The pastor says artillery shells have not hit the nine-story apartment building where he lives and where the basement is being used as a bomb shelter.
“If things get hot,” he says, “we probably will go there.”
If the church pastor and his family choose to flee the capital city, they will join an estimated two million Ukrainians who became refugees when they fled with the clothes on their backs and a suitcase.
Yael Eckstein, who leads International Fellowship of Christians and Jews, tells AFN his organization is meeting Jewish refugees at the border with a hug and a safe place to sleep for the night.
Jews have not forgotten Europe's horrible past, and never will, he says, so FCJ is helping Ukraine's Jews get to Israel to start a new life.
"In the next week," he says, "you'll see a full 'aliya' flight of Jewish refugees from Ukraine coming to Israel."

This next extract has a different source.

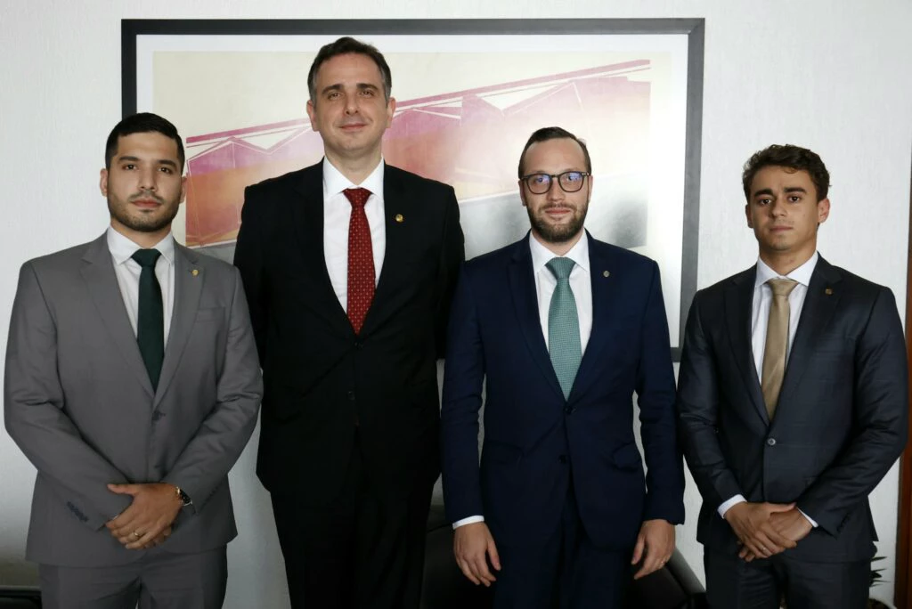Nesta quarta-feira (22), os deputados federais André Fernandes (PL-CE), Filipe Barros (PL-PR) e Nikolas Ferreira (PL-MG) se reuniram com o presidente do Senado, Rodrigo Pacheco (PSD-RO) para tratarem sobre a Comissão Parlamentar Mista de Inquérito que irá investigar os atos de 8 de janeiro.
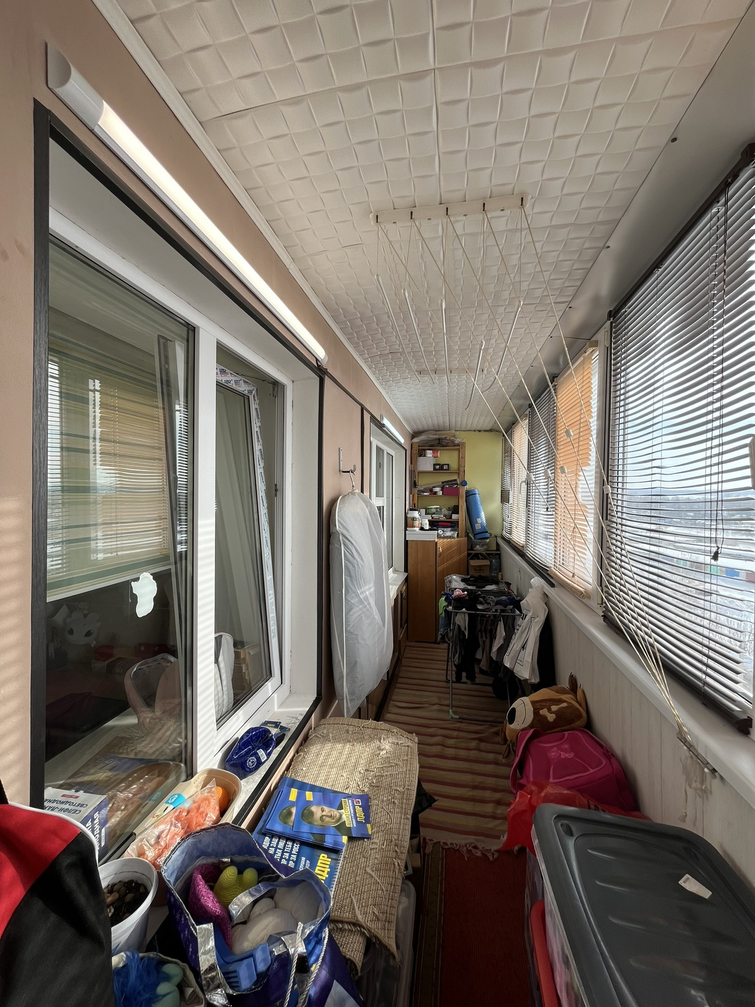 На лоджии балкон утеплен и сделан встроенный сейф в стену  удобно и не занимает место нужная вещь а также проведен свет и розетка для нужды

The word "aliya" is Hebrew for "ascent" or "going up," and many Jews apply the word to making the journey to Israel, too.
David Phillips, a spokesman for the Samaritan’s Purse disaster relief ministry, tells AFN emergency supplies are being trucked into Ukraine from Poland. A ministry-owned Douglas DC-8 aircraft was unloaded there this week and marked the second DC-8 to touch down bringing disaster relief.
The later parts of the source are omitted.